PROVIDED DATA —
========================================================================

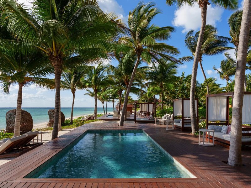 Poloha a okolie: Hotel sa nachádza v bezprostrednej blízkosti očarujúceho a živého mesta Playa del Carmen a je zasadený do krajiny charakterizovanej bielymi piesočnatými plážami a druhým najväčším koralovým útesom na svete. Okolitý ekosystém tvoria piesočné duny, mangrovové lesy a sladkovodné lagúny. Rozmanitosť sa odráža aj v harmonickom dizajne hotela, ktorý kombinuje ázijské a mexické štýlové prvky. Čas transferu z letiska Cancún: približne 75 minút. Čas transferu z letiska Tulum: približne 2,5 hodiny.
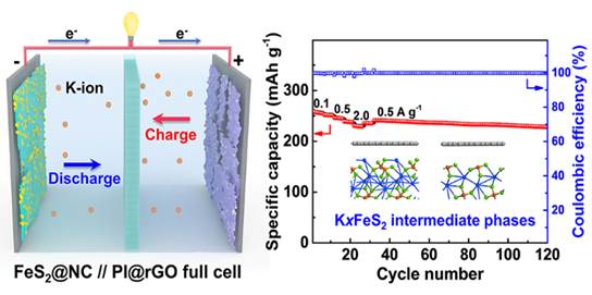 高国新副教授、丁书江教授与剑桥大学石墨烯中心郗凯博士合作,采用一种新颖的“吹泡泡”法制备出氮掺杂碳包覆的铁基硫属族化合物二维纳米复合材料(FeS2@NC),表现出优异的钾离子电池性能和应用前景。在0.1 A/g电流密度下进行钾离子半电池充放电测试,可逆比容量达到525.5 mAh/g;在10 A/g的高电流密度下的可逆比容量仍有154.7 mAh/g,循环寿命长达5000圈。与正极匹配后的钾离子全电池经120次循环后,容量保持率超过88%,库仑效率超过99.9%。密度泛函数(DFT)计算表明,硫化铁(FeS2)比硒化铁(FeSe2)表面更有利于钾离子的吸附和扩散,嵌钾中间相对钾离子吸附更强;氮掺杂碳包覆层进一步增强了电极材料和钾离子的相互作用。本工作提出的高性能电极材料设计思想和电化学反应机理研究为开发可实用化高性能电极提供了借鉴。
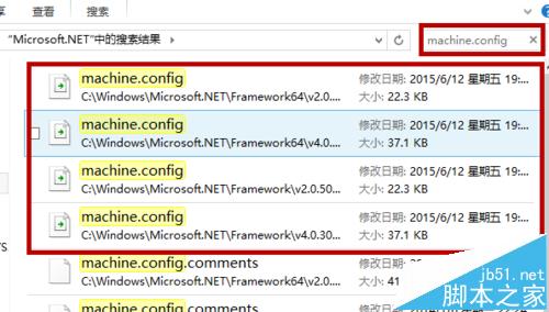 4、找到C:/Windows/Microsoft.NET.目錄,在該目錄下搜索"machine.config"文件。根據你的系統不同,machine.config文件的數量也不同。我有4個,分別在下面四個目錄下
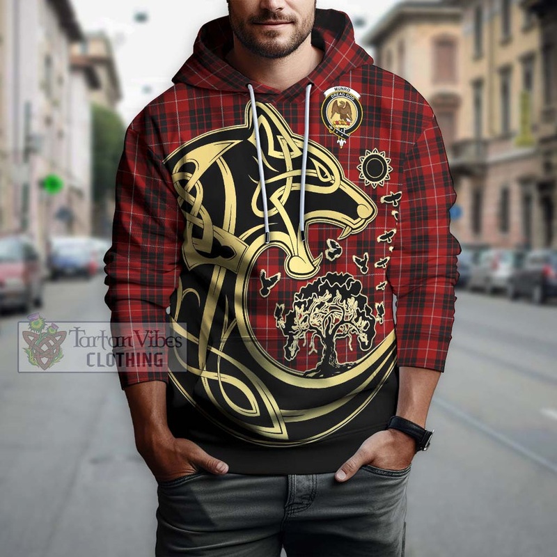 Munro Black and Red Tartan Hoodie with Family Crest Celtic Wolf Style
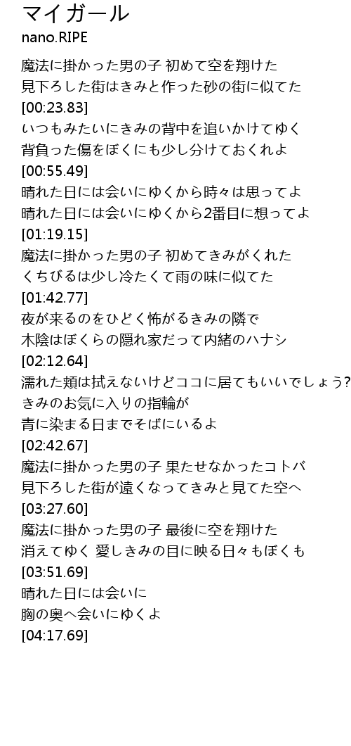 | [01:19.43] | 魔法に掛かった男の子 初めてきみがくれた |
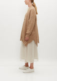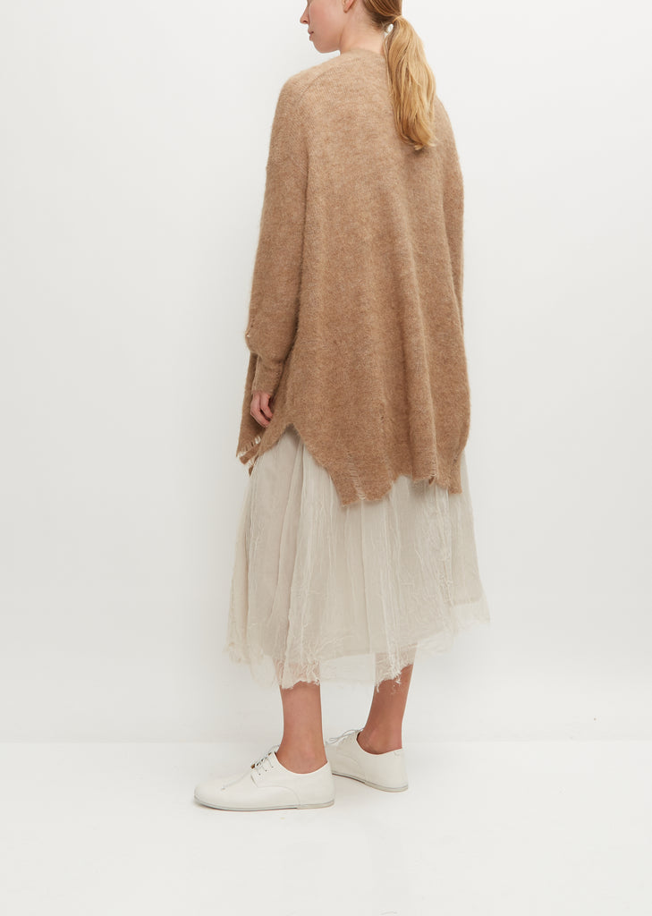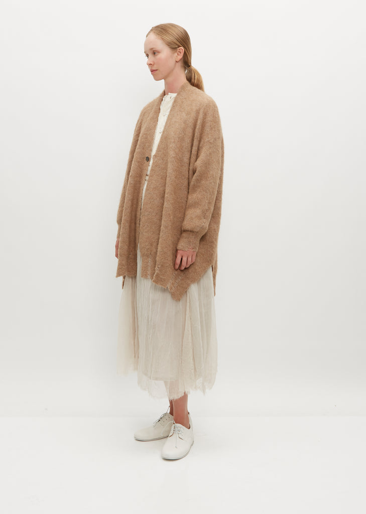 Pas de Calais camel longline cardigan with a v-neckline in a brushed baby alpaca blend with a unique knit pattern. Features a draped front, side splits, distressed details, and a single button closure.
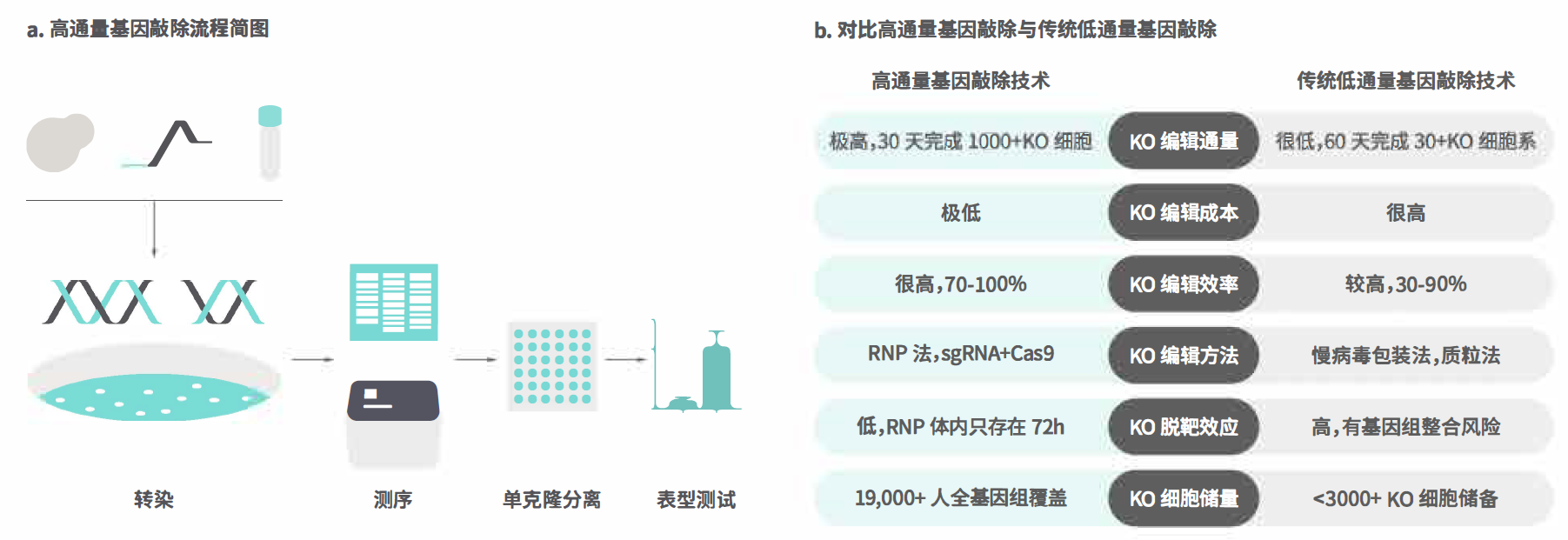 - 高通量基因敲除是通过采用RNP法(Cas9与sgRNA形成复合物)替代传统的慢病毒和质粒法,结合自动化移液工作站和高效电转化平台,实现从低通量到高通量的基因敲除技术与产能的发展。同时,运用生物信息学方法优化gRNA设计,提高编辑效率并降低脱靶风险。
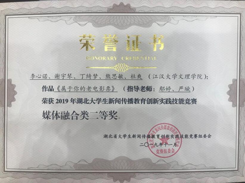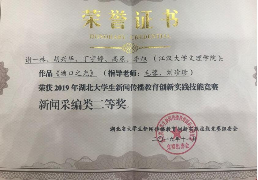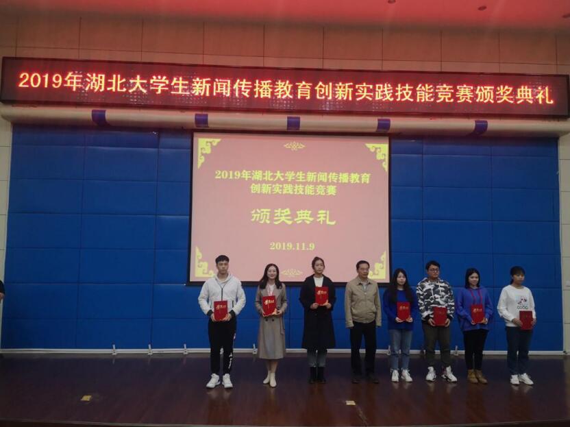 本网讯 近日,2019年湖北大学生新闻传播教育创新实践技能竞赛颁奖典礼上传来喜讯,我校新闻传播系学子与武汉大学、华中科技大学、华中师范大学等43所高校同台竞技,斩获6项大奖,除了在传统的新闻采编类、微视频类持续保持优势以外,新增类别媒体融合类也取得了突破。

========================================================================

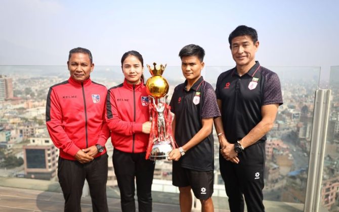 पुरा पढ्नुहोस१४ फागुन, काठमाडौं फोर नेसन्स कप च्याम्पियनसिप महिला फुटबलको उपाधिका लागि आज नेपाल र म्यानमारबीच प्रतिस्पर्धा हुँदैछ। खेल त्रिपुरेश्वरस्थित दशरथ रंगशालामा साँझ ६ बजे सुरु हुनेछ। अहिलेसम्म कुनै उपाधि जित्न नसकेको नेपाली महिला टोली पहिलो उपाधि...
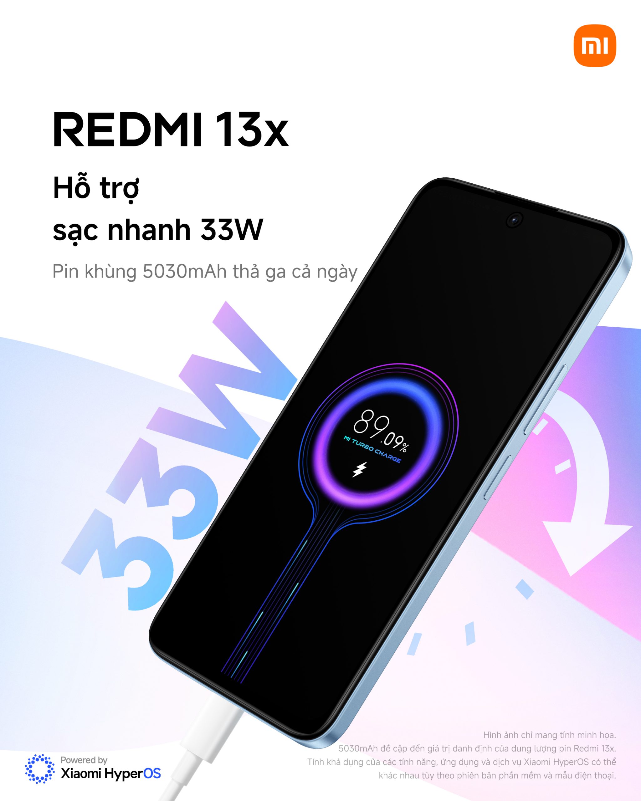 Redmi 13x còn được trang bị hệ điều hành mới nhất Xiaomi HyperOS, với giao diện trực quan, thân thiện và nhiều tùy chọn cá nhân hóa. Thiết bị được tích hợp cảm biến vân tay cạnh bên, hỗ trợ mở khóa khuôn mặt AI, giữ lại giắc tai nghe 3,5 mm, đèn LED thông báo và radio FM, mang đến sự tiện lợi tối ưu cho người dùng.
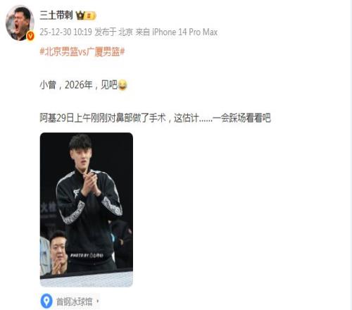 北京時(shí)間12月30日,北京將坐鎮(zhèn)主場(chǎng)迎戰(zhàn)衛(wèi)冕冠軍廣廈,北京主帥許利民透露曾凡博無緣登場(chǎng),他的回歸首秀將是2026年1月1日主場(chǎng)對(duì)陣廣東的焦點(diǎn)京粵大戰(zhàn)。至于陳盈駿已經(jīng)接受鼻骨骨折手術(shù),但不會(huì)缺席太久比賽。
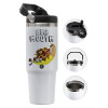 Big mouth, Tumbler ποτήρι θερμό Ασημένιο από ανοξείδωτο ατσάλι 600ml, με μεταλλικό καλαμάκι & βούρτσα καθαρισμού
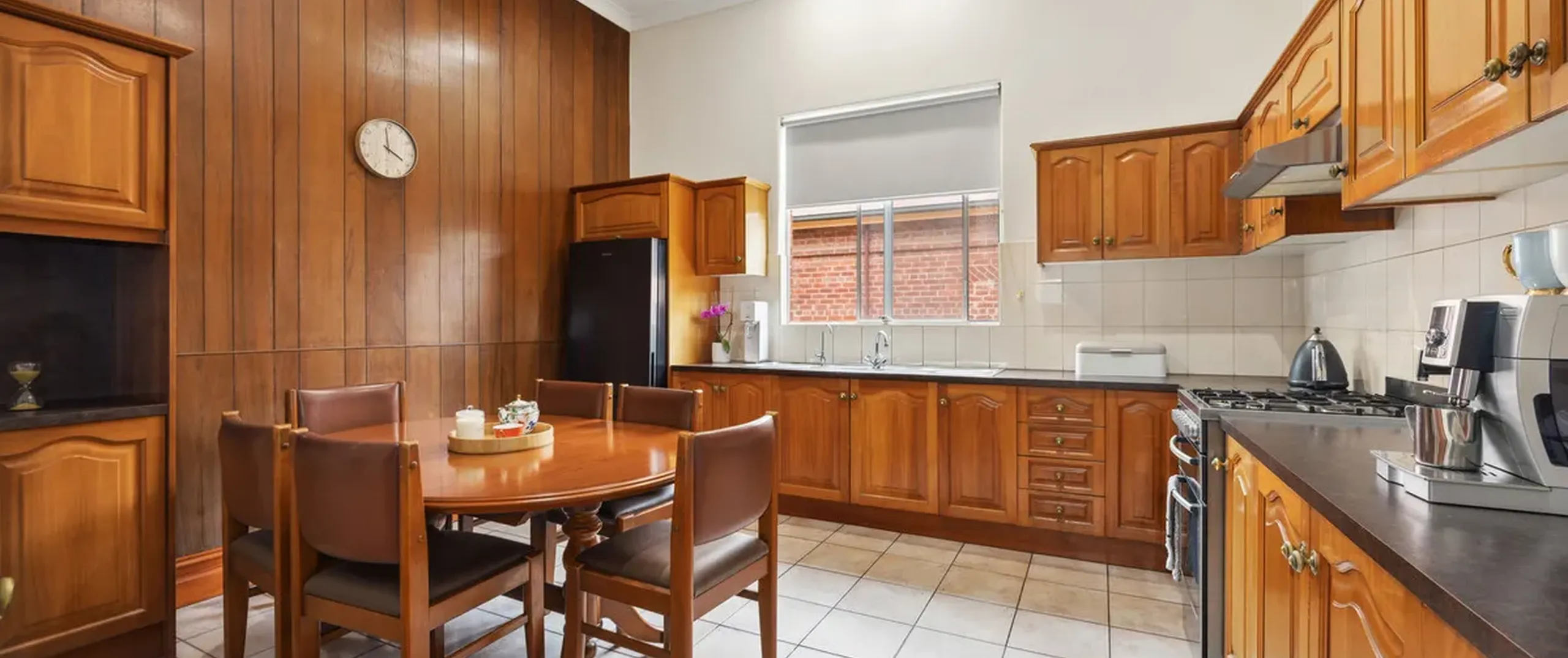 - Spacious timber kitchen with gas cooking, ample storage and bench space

========================================================================

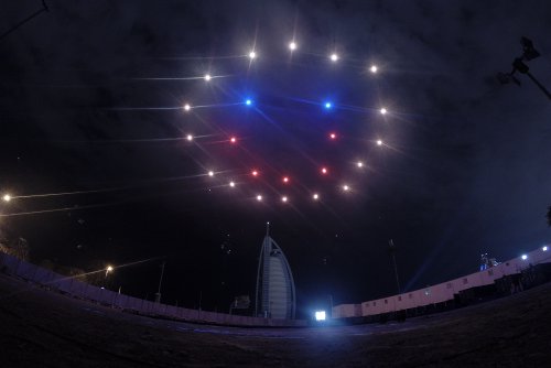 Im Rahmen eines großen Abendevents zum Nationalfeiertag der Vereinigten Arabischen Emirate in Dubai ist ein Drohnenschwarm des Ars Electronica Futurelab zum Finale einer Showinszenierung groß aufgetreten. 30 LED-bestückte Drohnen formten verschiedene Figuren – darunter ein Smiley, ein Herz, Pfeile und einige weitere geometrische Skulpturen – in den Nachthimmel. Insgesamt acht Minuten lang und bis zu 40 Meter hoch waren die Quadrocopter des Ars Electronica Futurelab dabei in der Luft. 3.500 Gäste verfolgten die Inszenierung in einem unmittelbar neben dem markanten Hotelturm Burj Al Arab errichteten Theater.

========================================================================

How would the lines above read from the one with "- 高通量基因敲除是通过采用" to the one with "本网讯 近日,2019年湖北", inclusive, with no pictures? Write them out exactly.

RESULT —
 - 高通量基因敲除是通过采用RNP法(Cas9与sgRNA形成复合物)替代传统的慢病毒和质粒法,结合自动化移液工作站和高效电转化平台,实现从低通量到高通量的基因敲除技术与产能的发展。同时,运用生物信息学方法优化gRNA设计,提高编辑效率并降低脱靶风险。
 本网讯 近日,2019年湖北大学生新闻传播教育创新实践技能竞赛颁奖典礼上传来喜讯,我校新闻传播系学子与武汉大学、华中科技大学、华中师范大学等43所高校同台竞技,斩获6项大奖,除了在传统的新闻采编类、微视频类持续保持优势以外,新增类别媒体融合类也取得了突破。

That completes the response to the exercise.